The Design of Refined Triphenylamine-Based Dyes for Dye-Sensitized Solar Cells: Theoretical Perspective

• Main Authors: Chun-ShengWu, 吳俊昇
• Other Authors: Shao-Pin Wang
• Format: Others
• Language: zh-TW
• Published: 2013
• Online Access: http://ndltd.ncl.edu.tw/handle/62124661102123143706

碩士 === 國立成功大學 === 化學系碩博士班 === 101 === The DFT/B3LYP calculations have first been confirmed to provide reliable physical quantities published recently in the area of DSSC studies. The triphenylamine derivatives are promising and popular dyes except their high-lying HOMOs. Through the studies of adjusting the energies of pi-type molecular orbitals using chemical substitution, the conventional electron-withdrawing nature of fluoro suffers poor to failure results in view of lowering pi-type MOs. Conversely, the pi-accepting nature of a trifluoromethyl group gives results complying with expected effects based on its EN values despite of its pi-accepting nature well established by the negative hyperconjugation argument. The two substituents have been adapted for modifying the levels of HOMO/LUMO of the Triphenylamine-based dyes. The MO-destabilization effects exerted by a fluoro have been verified through the site-dependent observation of MO-energy variations. As it is introduced at a carbon having more contribution to the MO wavefunction, the lowering extent gets smaller or would even lead to a higher MO energy.
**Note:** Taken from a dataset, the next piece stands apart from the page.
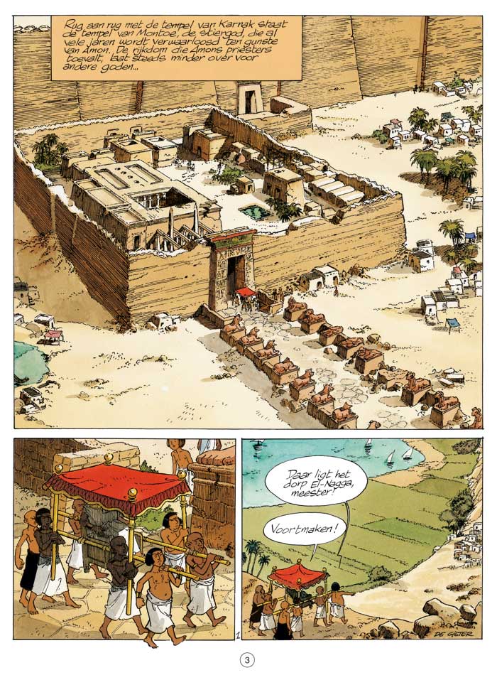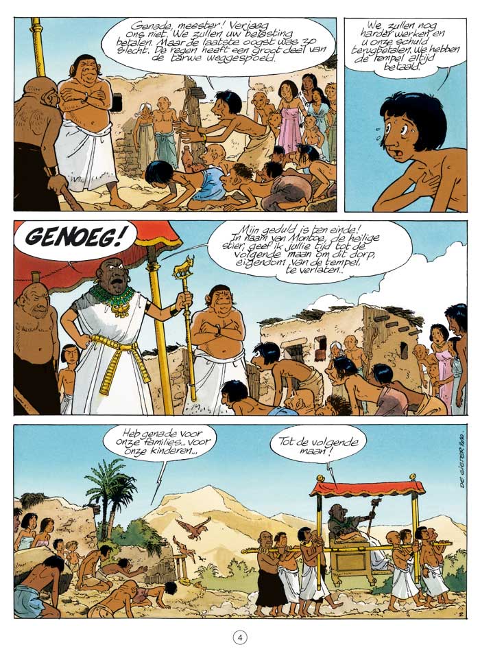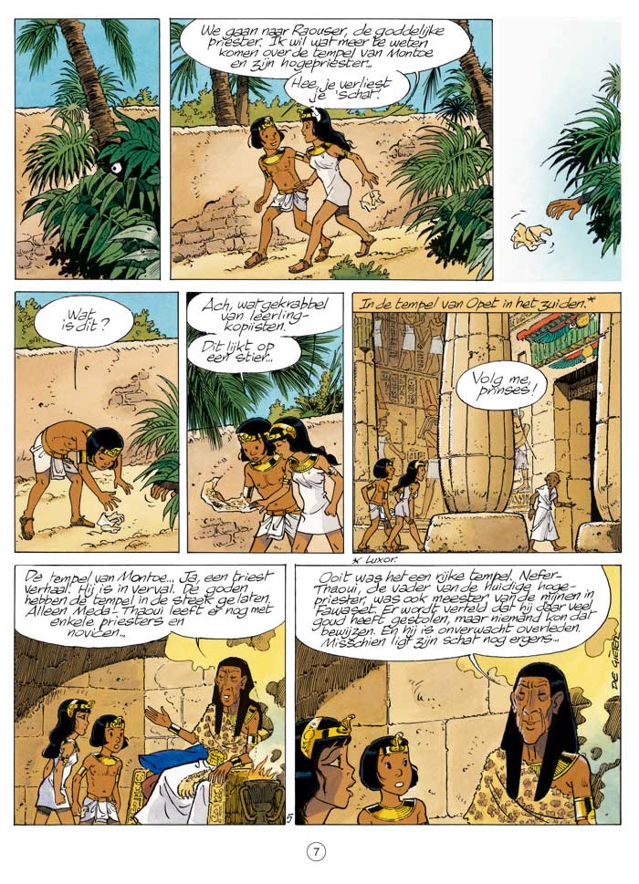 De hogepriester van de tempel van Montoe, een wreed en hardvochtig man, beslist om alle bewoners van het dorp dat naast de tempel ligt te verjagen omdat ze de opgelegde belasting niet kunnen betalen. De kinderen uit het dorp vragen Lief-Er-Theti, de dochter van de farao, om in te grijpen. Maar de hogepriester is heer en meester in zijn tempel en zelfs de farao kan niets ondernemen. Een van de kinderen geeft Theti haar 'schat', een stukje perkament dat ze onderweg heeft gevonden. Papyrus is ervan overtuigd dat het om een plan gaat dat aangeeft waar de schat te vinden is die ergens op het grondgebied van de tempel werd verstopt. Hij trekt met de kinderen op onderzoek uit. Maar Papyrus heeft er dan nog geen idee van dat hij ook geconfronteerd zal worden met de stier van Montoe. Lucien De Gieter, al jarenlang een specialist in het Oude Egypte, levert eens te meer een zeer grondig gedocumenteerd verhaal waarin humor, avontuur en historische elementen zijn verweven ...

This is more pronounced for HOMO than for LUMO since the former is closer in energy to the valence p-orbital of fluorine, 2p(F). The pushing-up effect of p-orbital on HOMO/LUMO can be explained by analysis of LCBO-MO, in which the bond orbitals or localized MOs are extracted from the DFT wavefunctions by the Weinhold’s NBO method. Fluorination performed at a carbon having higher value of the one-center BO, 2p(F), results in a higher MO-energy of HOMO or LUMO. This destabilization described by the orbital interaction between 2p(F) and HOMO/LUMO can be viewed as the MO-variations accompanied by the well known mesomeric (also termed as resonance or conjugation) effect. In addition to the CF anti-bonding, *CF, the 2p(F) BO of a trifluoromethyl group also contributes to HOMO/LUMO of the derivatives. The pi-accepting role played by *CF, which would press down HOMO/LUMO according to NHC argument, is offset by the 2p(F) destabilization effect. This dual nature, which affects MO-energies via pi-framework, explains the reported “purely inductive effect” found for color-tuning using trifluoromethyl group. As well as we have found for tuning phosphorescent energies of Ir(III) complexes, the steric effect would operate as the exceptional destabilization of MOs is found based on the above-stated electronic effects.